• [Task item] From the records that follow, return exactly the lines beginning at the one that contains "ペイント 前後タイヤ フロント・リアフェンダー" and ending at the one that contains "It's hard to", pictures left out.

• [Exercise inputs]
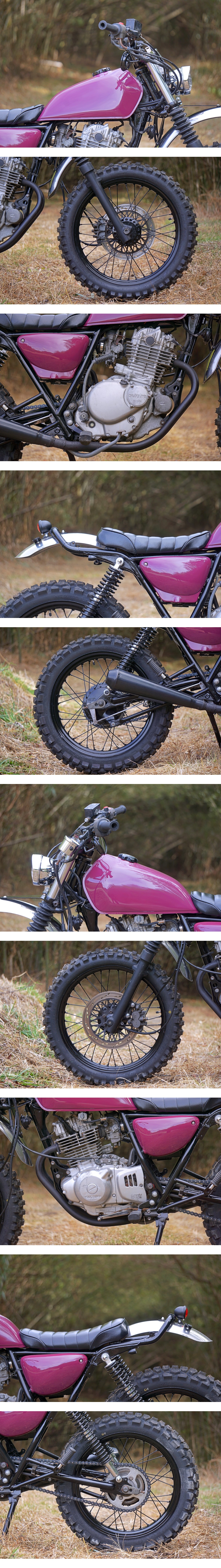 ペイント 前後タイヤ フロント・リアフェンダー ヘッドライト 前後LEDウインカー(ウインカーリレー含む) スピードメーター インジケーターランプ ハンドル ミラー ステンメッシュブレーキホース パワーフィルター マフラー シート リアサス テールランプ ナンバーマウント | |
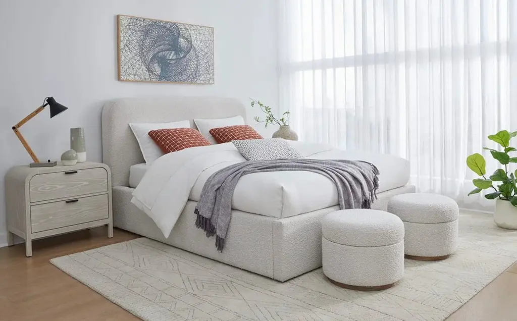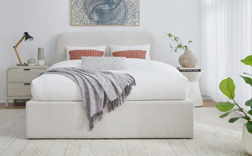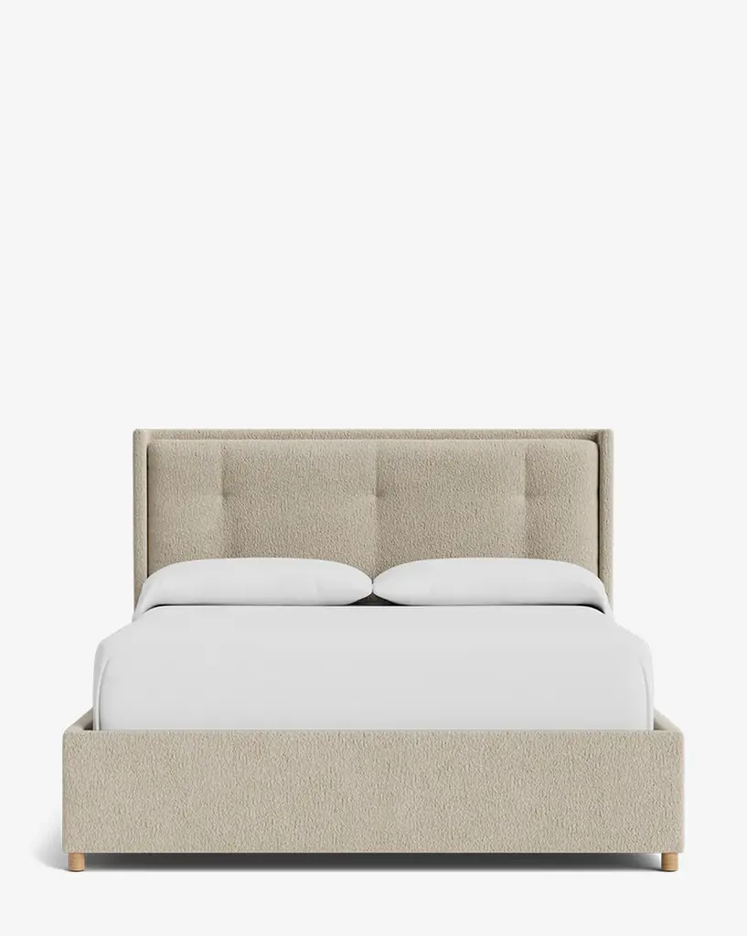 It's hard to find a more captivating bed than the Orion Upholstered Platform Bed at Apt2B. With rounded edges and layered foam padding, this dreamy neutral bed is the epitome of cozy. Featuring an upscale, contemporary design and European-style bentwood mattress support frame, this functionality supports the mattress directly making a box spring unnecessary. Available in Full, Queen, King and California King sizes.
* * *
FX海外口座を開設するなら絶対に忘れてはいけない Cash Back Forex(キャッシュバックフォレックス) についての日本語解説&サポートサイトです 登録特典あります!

• [Solution for this problem]
 ペイント 前後タイヤ フロント・リアフェンダー ヘッドライト 前後LEDウインカー(ウインカーリレー含む) スピードメーター インジケーターランプ ハンドル ミラー ステンメッシュブレーキホース パワーフィルター マフラー シート リアサス テールランプ ナンバーマウント | |
 It's hard to find a more captivating bed than the Orion Upholstered Platform Bed at Apt2B. With rounded edges and layered foam padding, this dreamy neutral bed is the epitome of cozy. Featuring an upscale, contemporary design and European-style bentwood mattress support frame, this functionality supports the mattress directly making a box spring unnecessary. Available in Full, Queen, King and California King sizes.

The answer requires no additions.